W przerwie spotkania Adriana Czypickiego zastąpił Mikołaj Lipień i już kilkadziesiąt sekund po wznowieniu gry rezerwowy wpisał się na listę strzelców. Czwartą i piątą bramkę zdobyli natomiast łódzcy obrońcy z rzutów karnych. Najpierw jedenastkę skutecznie wykorzystał Aleksander Ślęzak, a chwilę po nim nie pomylił się uderzając futbolówkę z wapna rumuński defensor Daniel Celea.
Ostatnie trzy gole były autorstwa rezerwowych – bramkarza Neru pokonali Michał Karlikowski, drugi raz tego dnia Mikołaj Lipień, a cały ten ełkaesiacki festiwal strzelecki zakończył celnym strzałem głową z bliskiej odległości Jakub Piela.

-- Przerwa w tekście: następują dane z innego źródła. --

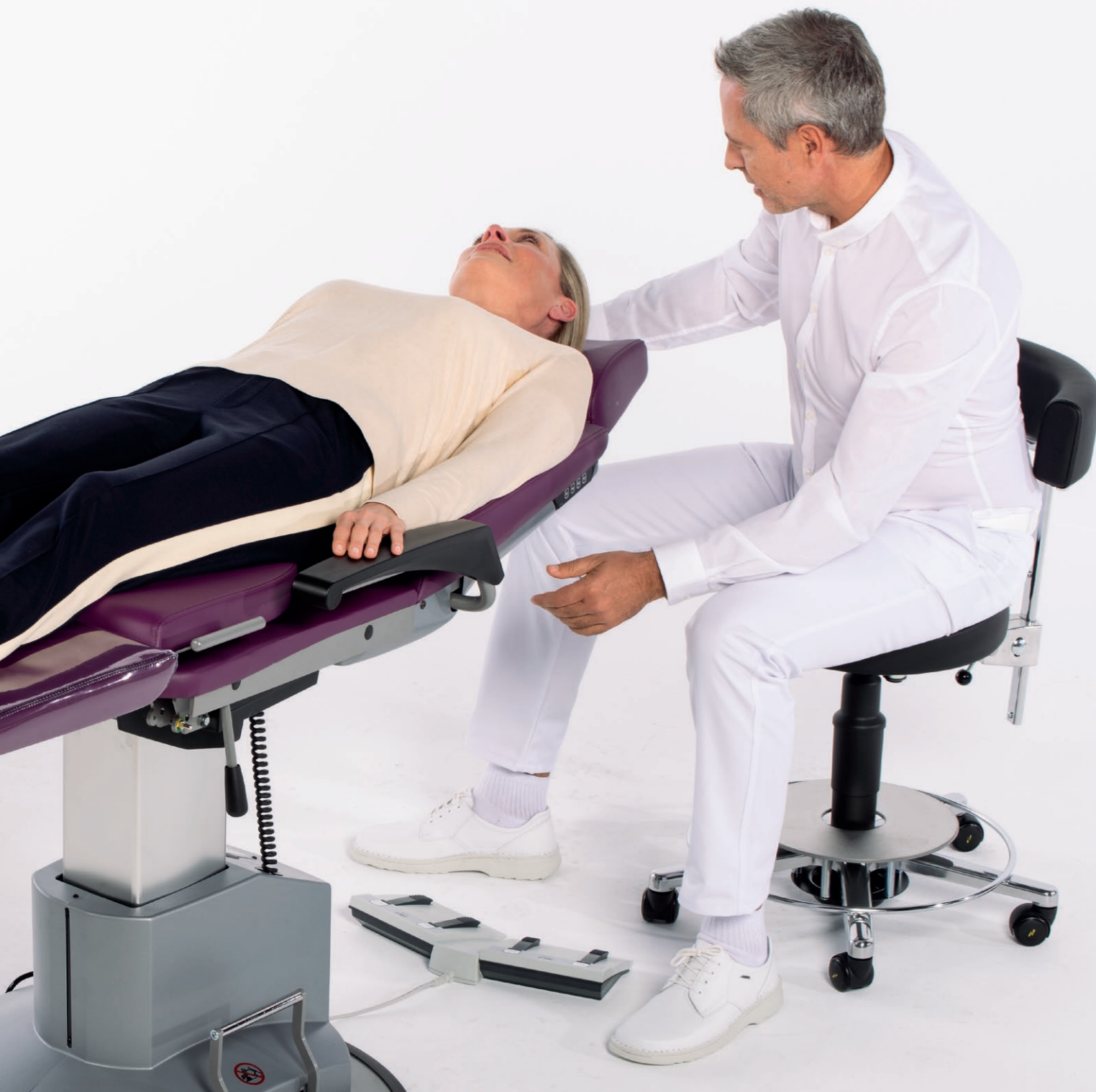
The examples shown here represent just a small selection out of the broad variety.

Let us offer you some inspiration: Here is a small selection from the GREINER work stools and chairs' product range. Stools without backrest, chairs with backrest in different designs. Height adjustment by hand or foot. Base parts and sitting heights of your choice. Upholstery materials in a wide variety of colours with compact or premium fabric. Or EL 11 equipment that is suitable for surgeries with electrically conductive components. The choice is yours.

– Oczywiście cieszymy się ze zdobycia kolejnych trzech punktów w lidze. Nieważne czy gramy z zespołem z góry czy z dołu tabeli. Do każdego meczu przygotowujemy się tak samo i spodziewamy się trudnej przeprawy. Jak do tej pory takie podejście przynosi nam dobry efekt. Dochodziły do nas głosy, że znaleźliśmy się w dołku i mamy tzw. słabszy moment, czego dowodem miał być remis w Zelowie. Szczerze mówiąc, życzę każdemu takich słabszych momentów, w trakcie których w jednym mikrocyklu awansuje się do kolejnej rundy okręgowego Pucharu Polski i wygrywa w lidze 8:0. Dalej robimy swoje i patrzymy w przyszłość. Z pokorą podchodzimy do każdego przeciwnika – powiedział po spotkaniu trener Paweł Drechsler.
Po jedenastu kolejkach ŁKS II Łódź z 31 punktami na koncie prowadzi w tabeli czwartej ligi. W następnej serii spotkań rezerwy ŁKS-u zmierzą się na wyjeździe z Orłem Nieborów.